Level-Funded Group Insurance
Level funded health insurance plans have been around a while. Yet, as we meet with our clients, we have found that many companies and employees are not aware they exist, and they certainly do not know how they work. We created this page to help you better understand these plans that are giving our clients great health solutions to offer their employees, while also boosting their bottom line.
Traditional Vs. Level Funded Plan Coverage
Before we get started, let’s take a look at a recent case we wrote for our client. As you will notice, the benefit coverages of the level-funded plans work the same as traditional group insurance, utilizing similar carrier networks as your current provider. As you will learn, our plans are structured allowing for additional savings in monthly premiums, as well as the opportunity to earn a significant portion of the annual premium back at the end of the year based on your group claims.
Traditional Health Insurance
Traditional insurance is structured so that the insurance companies are protected from loss and also maximize profits. When you pay premiums, 100% goes to the plan and regardless of the claims that year, the company retains all of the premium. These plans allow everyone to participate in a larger pool to keep claims and costs lower, but it seems every year the premiums are going up.

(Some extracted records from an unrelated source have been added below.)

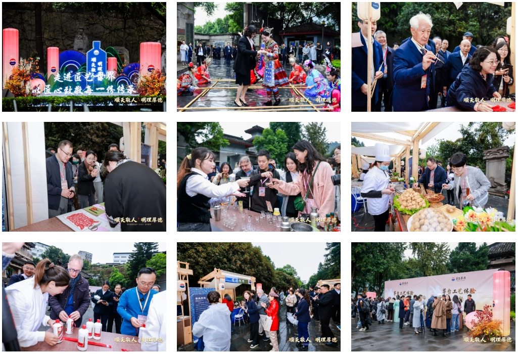 儀式圓滿禮成,茅台中國酒文化城“走進匠藝世界” 主題文化活動隨即精彩啟幕。竹竿舞以竹為器,以舞傳情,為遠道而來的嘉賓送上貴州特色歡迎禮;非遺文化互動體驗區裏,水書祈福、剪紙藝術、蠟染、投“福”納吉、苗族銀飾等項目各具韻味,嘉賓們通過親手參與其中,深切感受非遺的獨特魅力;貴州美食互動品鑒區彙聚菊花茶、重陽糕、蛋包洋芋、遵義鹵味、豆腐圓子等風味,讓嘉賓於味蕾間品味地域特色,盡覽舌尖上的貴州風情。此外,茅台酒工藝互動體驗區通過拴絲帶、貼酒標體驗,讓嘉賓觸摸茅台人刻在骨子裏的嚴謹與匠心;“數字氣味聞香區”借助科技力量,讓茅台酒香穿屏而來,為嘉賓開啟別樣嗅覺之旅;茅台特調品飲區打破傳統邊界,融合不同地域特色風味,解鎖茅台的多元口感。
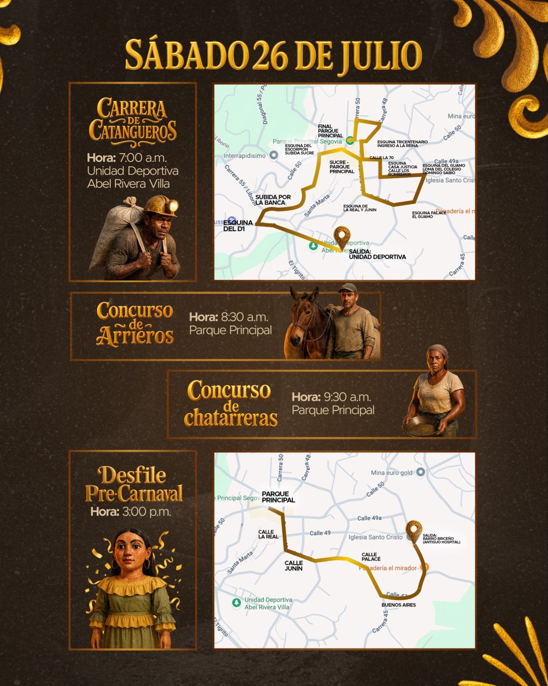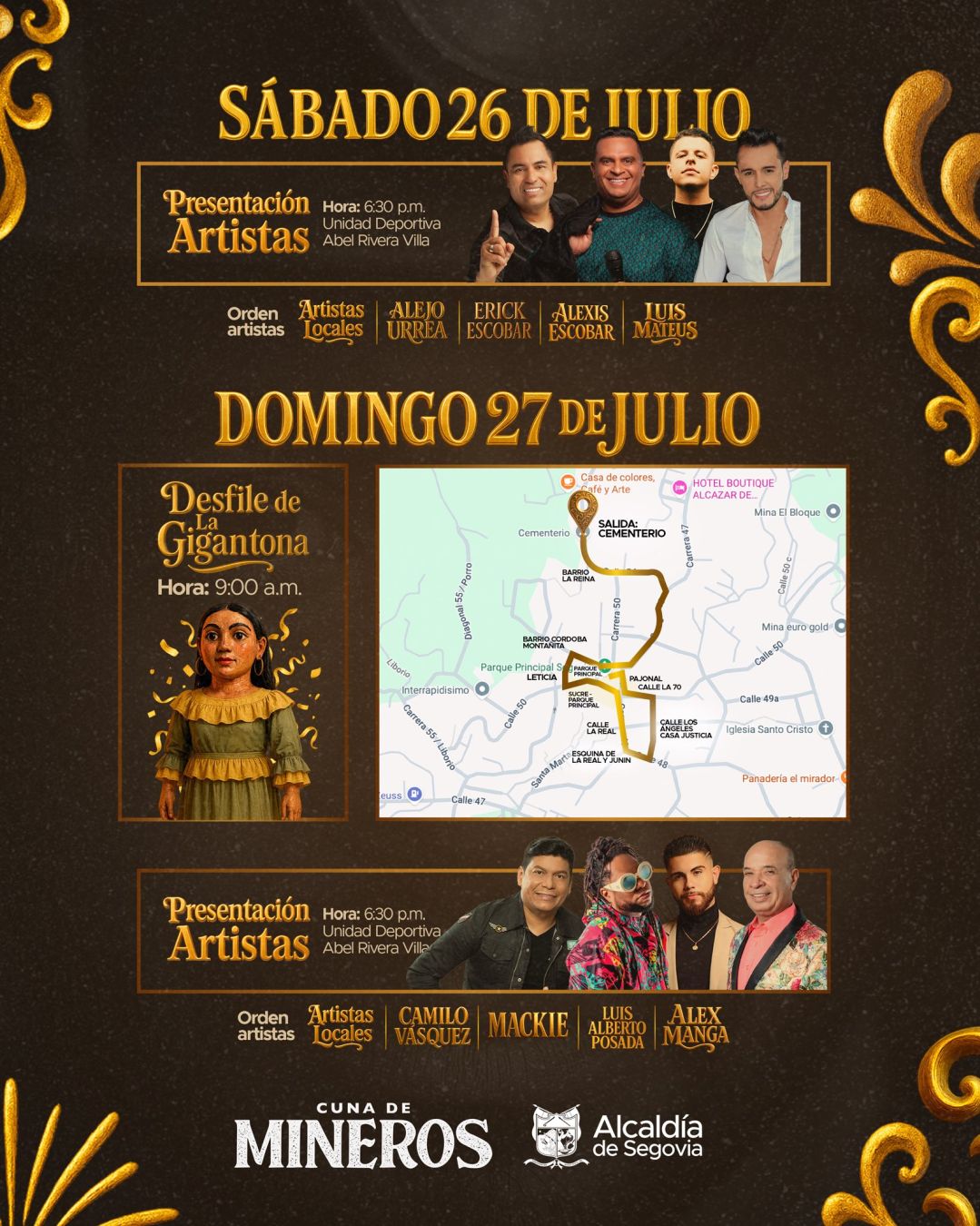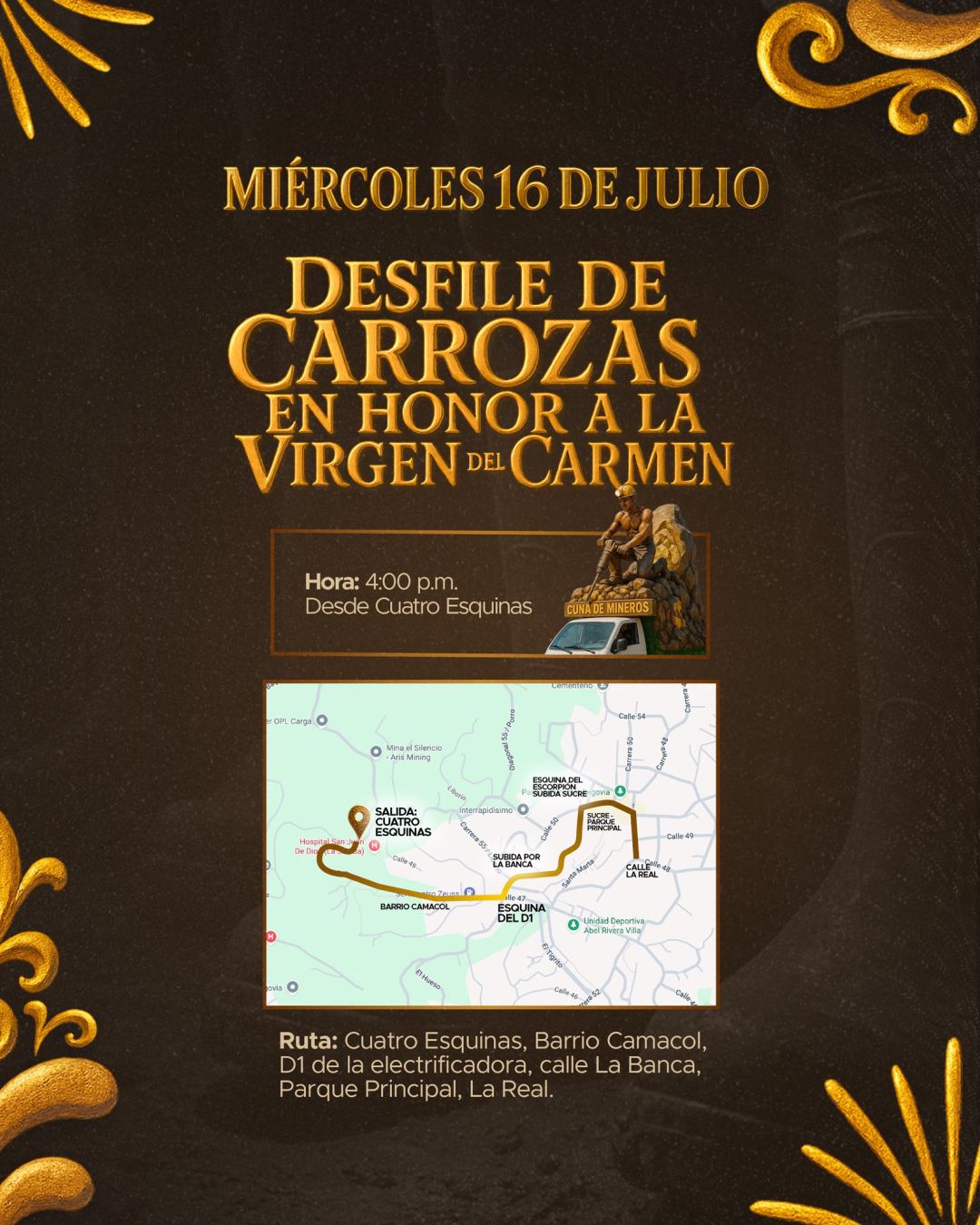 ¡Segovia vibra con tradición, cultura y orgullo minero! Vive las Fiestas Patronales de la Virgen del Carmen y del Oro y la Minería, una celebración llena de música, color y alegría en la tierra donde el oro también vive en su gente.
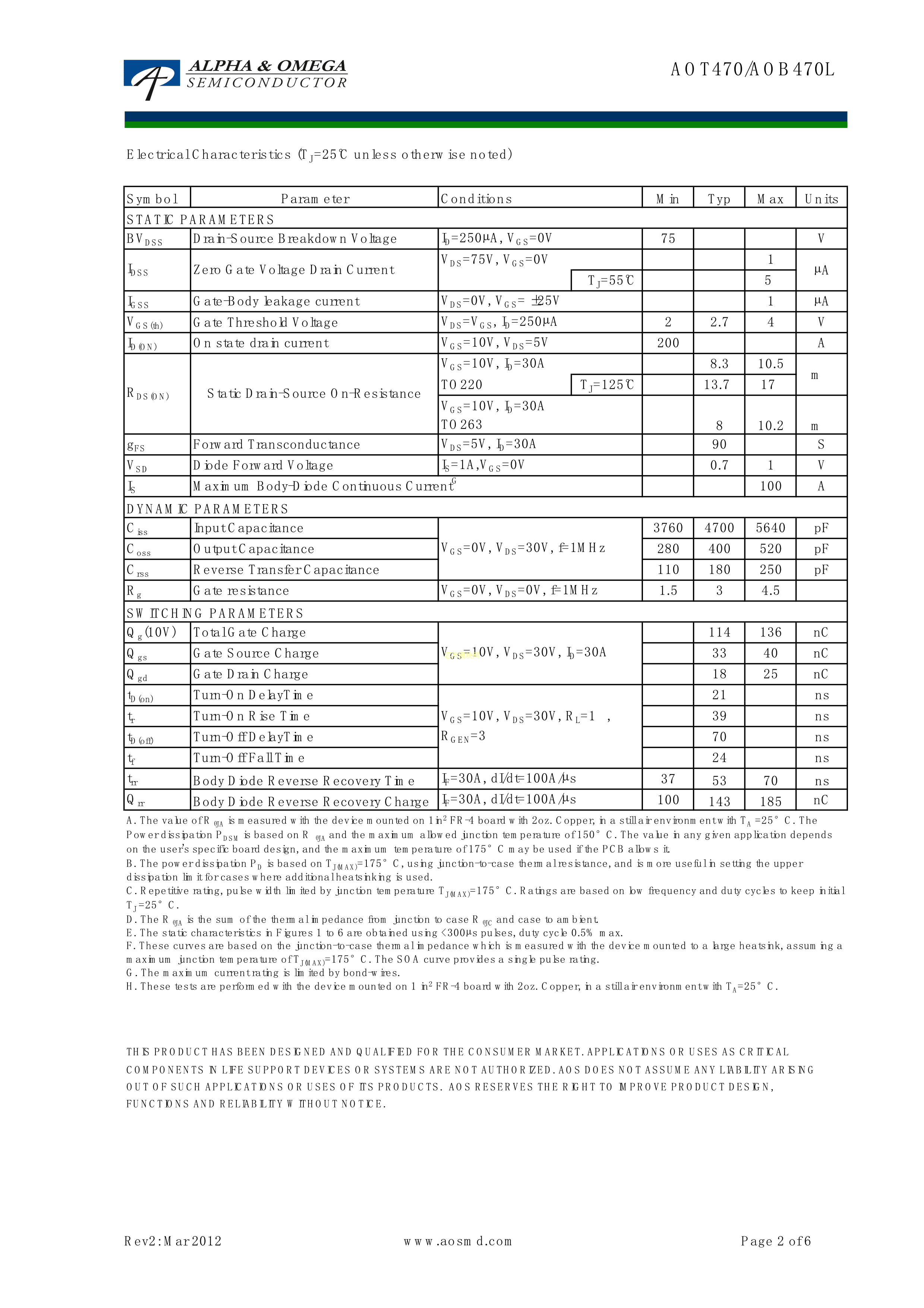 AOT470数据手册TO-220(TO-220-3)封装AOSPDF规格书,中英文下载

Level-Funded / Hybrid Self-Funded Plans
Level funded plans are divided into three categories with roughly 1/3 of the monthly premium making up each category. The first is administrative costs. This pool of money is paid to the third-party provider who administers the plan. They ensure the plan operates smoothly by handling all policy communication and making sure claims are paid in a timely manner. The CSL (Stop-Loss Coverage) is an insurance policy that insures the plan against catastrophic loss. This coverage kicks in if the plan meets the per claim or total cap allowable for the plan year. This allows the plan to function much like traditional coverage and minimizes the risk of the business owner. The third pool of money is the claim fund. These funds are used to pay claims for the plan as they are incurred by the participants. There is a per claim cap as well as a plan cap. Based on the claims of the group, if you have money left in this fund at the end of the year, the group receives the unused premium back!